AEO and Horseless Carriages
We love seeing a new thing and applying the rules of the old thing to it. Here’s what I tell my clients.
A car is not a “horseless carriage,” it’s a new category of thing. And when a truly new thing comes along, its gravitational pull affects seemingly unrelated variables.
The invention of air conditioning unlocked the economic potential of tropical cities. The automobile led to the creation of the suburbs. The shipping container led to globalization.
A truly revolutionary technology produces second- and third-order effects that are nearly impossible to predict, but must be accounted for. When this happens, you can’t extend the old rules into the new world.
Too many companies are taking a “horseless carriage” approach to AI and AEO1. After seeing SEO traffic ebb away, they are throwing equal resources into being mentioned in Gemini, Claude, and ChatGPT (what I’ll call “The AI Agents”).
Search is dying, so AI is its 1:1 replacement.
Great strategy, let’s get lunch.
Reframing AEO
These companies were handed an automobile and asked how the horses fit in.
Instead, look at the distribution factors of AI agents from first principles and not compared to SEO or search:
- The AI Agents are volatile. They are feverishly and constantly updating their models, how they work, and what data they are pulling from. Good luck guessing what’s working today that will also work tomorrow. Remember when GPT boosted and then nuked Reddit mentions?
- The AI Agents are popular. People are using them and are using them more each month. Even “normies” know what ChatGPT is. This is where people are going to answer high purchase intent queries that used to go to Google. Like it or not, your audience is here.
- The AI Agents obfuscate their sources. Even if you ask, “Where did you get this?” they will often name the place or category of the source vs directly linking to an asset. And even if you do get cited, the click-through rates are abysmal.
- AI agent prompts are not 1:1 to search queries.
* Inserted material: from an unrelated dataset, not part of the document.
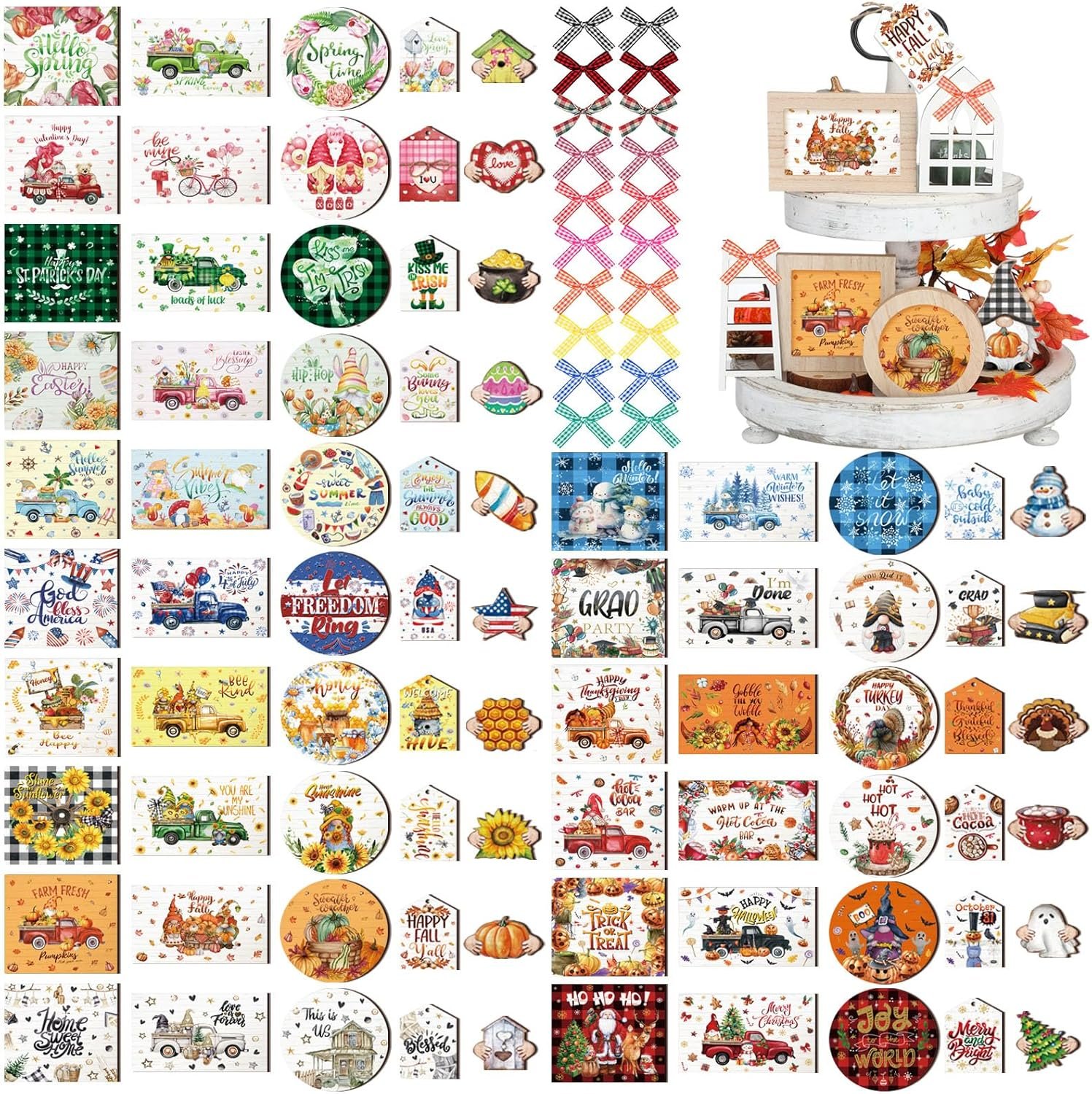 8 reviews for Kigley 101 Pcs Fall Tiered Tray Decor Set Thanksgiving Day Interchangeable Seasonal Decor Farmhouse Holiday Tiered Tray Decorations Interchangeable Tabletop Decoration for Seasonal Home

Prompts are often much longer, in plain language, and one of many moments in conversation. Good luck trying to track the right phrases.
AI agents are exploding in popularity, but they won’t directly send people to your owned properties. Which means you may be able to game the AI to use your content and ideas, but will likely not get direct “credit.”
What to do instead
Treat your AEO strategy like advertising. AEO is the best way in the history of media to insert a seed of an idea into the market. This is a brand play, not a funnel motion.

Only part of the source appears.